The off switch was actually factory installed. It's a wonderful thing to have! Good training taught your dog impulse control which is essential for all dogs.


----------



## dz0qp5 (Oct 12, 2004)

I went from having american line to WGSL. All of my AL were mellower easier as pups with lower drive. My WGSL has higher drive has more stable temperament with nerves of steel. Requires more mental and physical stimulation.


----------



## elisabeth_00117 (May 17, 2009)

We had WGSL before my current two who are working lines and a mix between showlines and working lines.

We were very lucky as our last two WGSL had a good amount of drive for IPO and agility. Temperament was excellent, solid dogs with hardness, good active aggression and able to be a part of the daily family life. Health was great.

If I cod replicate my last WGSL I probably would have another. Sadly, I don't think her type is common anymore.

Currently have a Czech/DDR/WG working line and my show/working mix with a new Czech puppy on the way in just a few short months (pup related to Zetti's male through sire).


----------



## car2ner (Apr 9, 2014)

Our boy is WGSL and he works great...when he wants to. He is just like my husband, pouring great effort into what he enjoys and using economy of energy for things not as interesting. He is confident and strong with a good sense of humor (you can't convince me dogs can't play jokes on us). He is curious and yes, can be protective. And he is gorgeous. He literally stops traffic. OK, hubby doesn't stop traffic with his looks...the comparison ends there. 

For IPO you will have to find something that is very valuable to your dog to get the focus you want. Food did not do it for us. Toys work better for holding my boy's attention.


----------



## Jenny720 (Nov 21, 2014)

We have presently have a two year old asl and a 6 month old wgsl. We have had a wl - karat in the past who lived till he was 12 years old. He was a pre engagement gift from my husband. He was 2 years old and trained we had no kids and I always wanted a dog like karat and the opportunity arose. I'm fan of all the lines which each so different. our working line was a incredibley calm in house and not hectic in anyway. Strong controlled drive. Karat completely ignored other dogs/animals/ other people as if they did not exist. very strong nerve, aloof, so disciplined well trained was incredibly confident and serious dog. He was a great dog always make me feel safe walking or going anywhere. We owned three cats which he completely ignored. Karat helped me find one of the cats that hid behind our washing machine on the wall during moving time. He liked his own space and gave the funny eye when it was invaded. Nail trims and ear cleanings were tough. Over the years as we seemed to have soften him up but still could never have get him to sleep in our bed-lol. So lucky to had owned such a incredible dog and to share our life with-such good memories. 

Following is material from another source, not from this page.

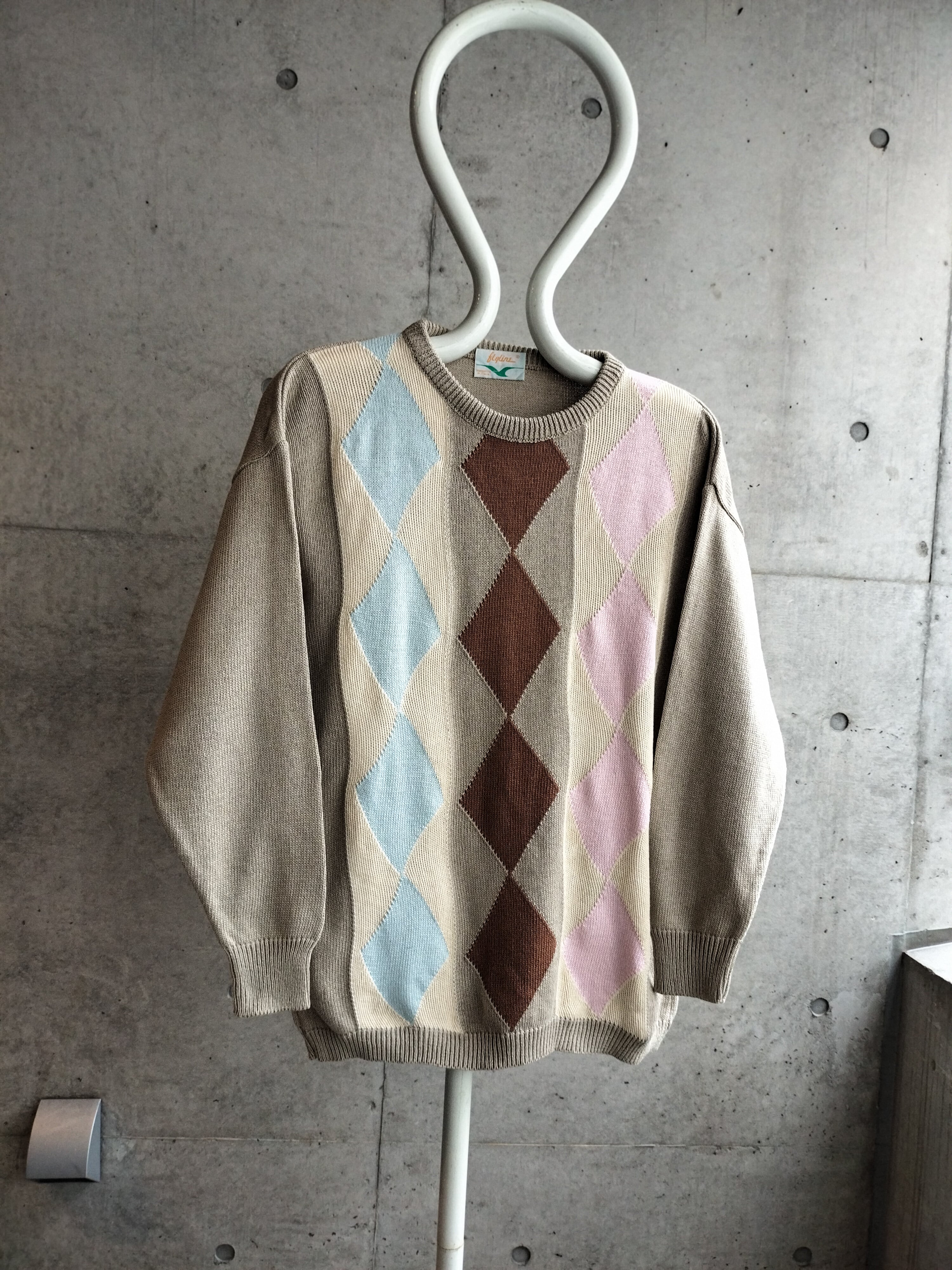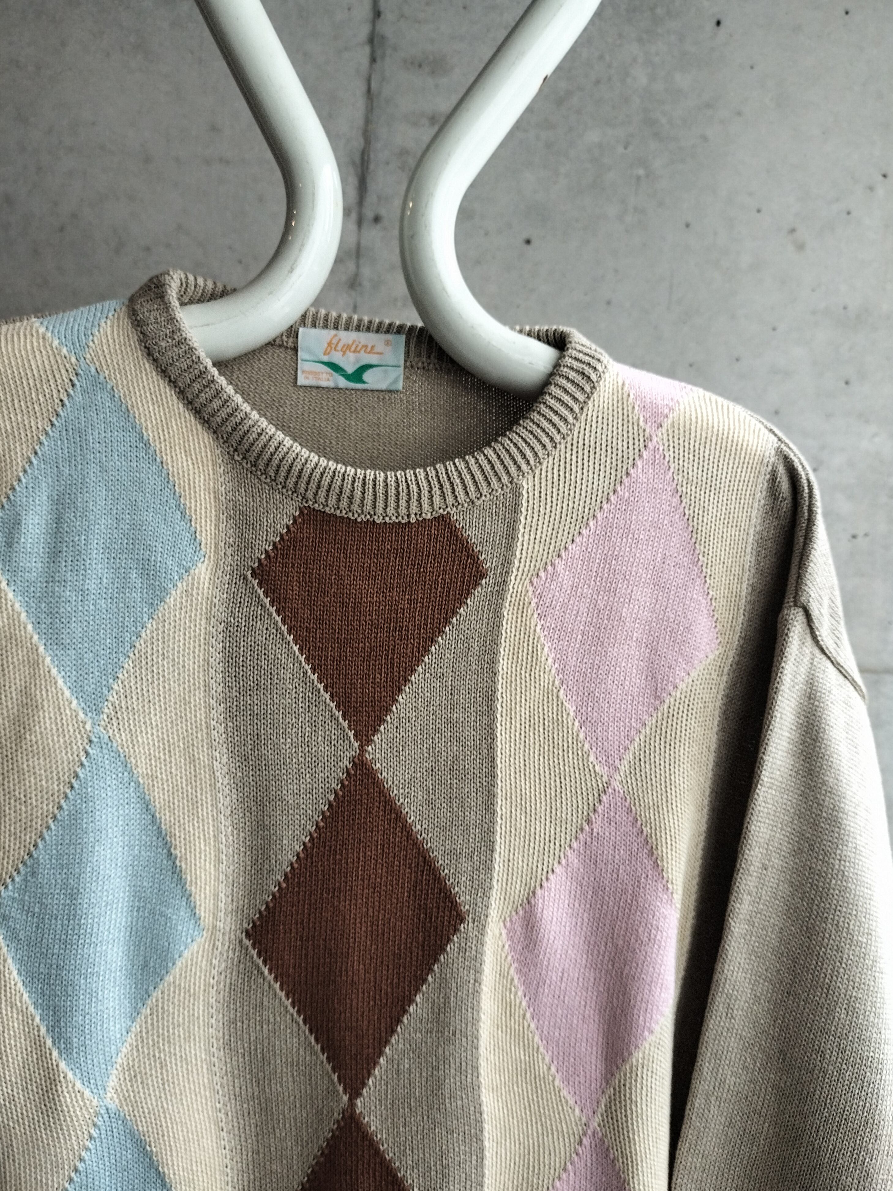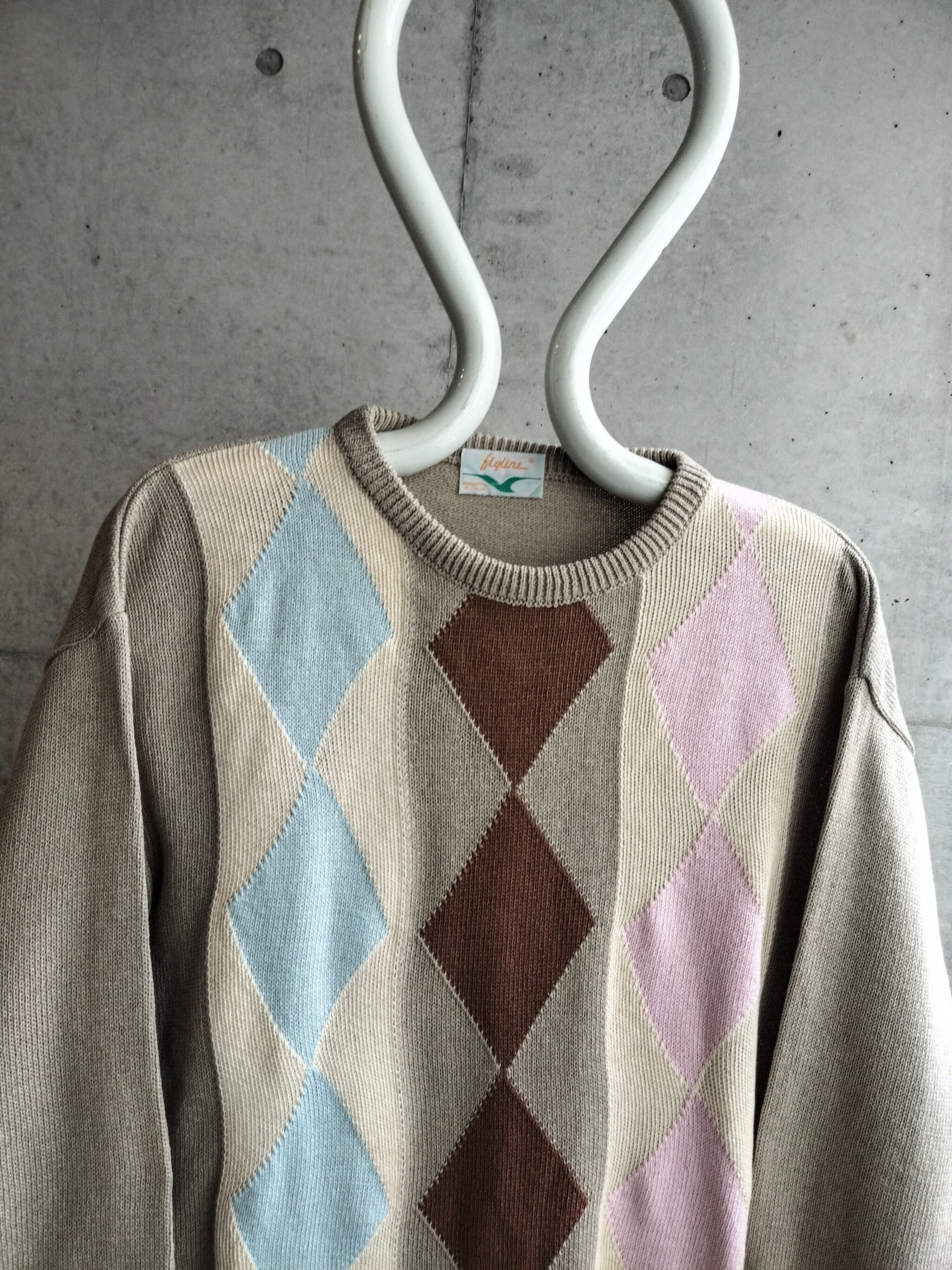 イタリア製のコットンニット。大きいアーガイル柄。薄ピンク、ブルーの柔らかな印象です。背面は無地。単体で可愛いニットです。

We always said when the kids were older -I would have more time and energy to share we would get want to get another German Shepherd. . I wanted a trained older dog like Karat but with now kids we opted to get a puppy. Since I would be training this pup we decided to get a asl -Max who is presently 2 years old-which I find different. I am crazy about this dog though he is teaching me much. 

Max's demeanor is sweet, affectionate and charming and wants to be in the middle of all the family action not just watching but part of the action -which can be a pain in the butt even though i do love that most about him. Every morning I wake my daughter up who ignores her alarm clock and Max will wake from a dead sleep and follow me to my daughter's room every morning and will jump on her bed and give her kisses he does not miss a morning- he hates when the kids leave for school. Even though he lacks some discipline he is easily trained and incredibley smart I feel I do run out of things to teach him. Max is dog reactive. He is watchful of people and suscpcious of certain people. Close friends and family members he is a nusance with affection and gets excited when welcoming and such. Max has a very protective nature. I feel safe with him. He is incredibly active and is quite in the house. He will let me subtly know with glaring looks though if he might die if he does not get his training session mixed in with a game of fetching of the ball. He has a strong prey drive and he has a great nose. His favorite game is playing hide and seek with the kids. We are doing sheep herding and Noseworks and still waiting to do tracking i also would be interested trailing. 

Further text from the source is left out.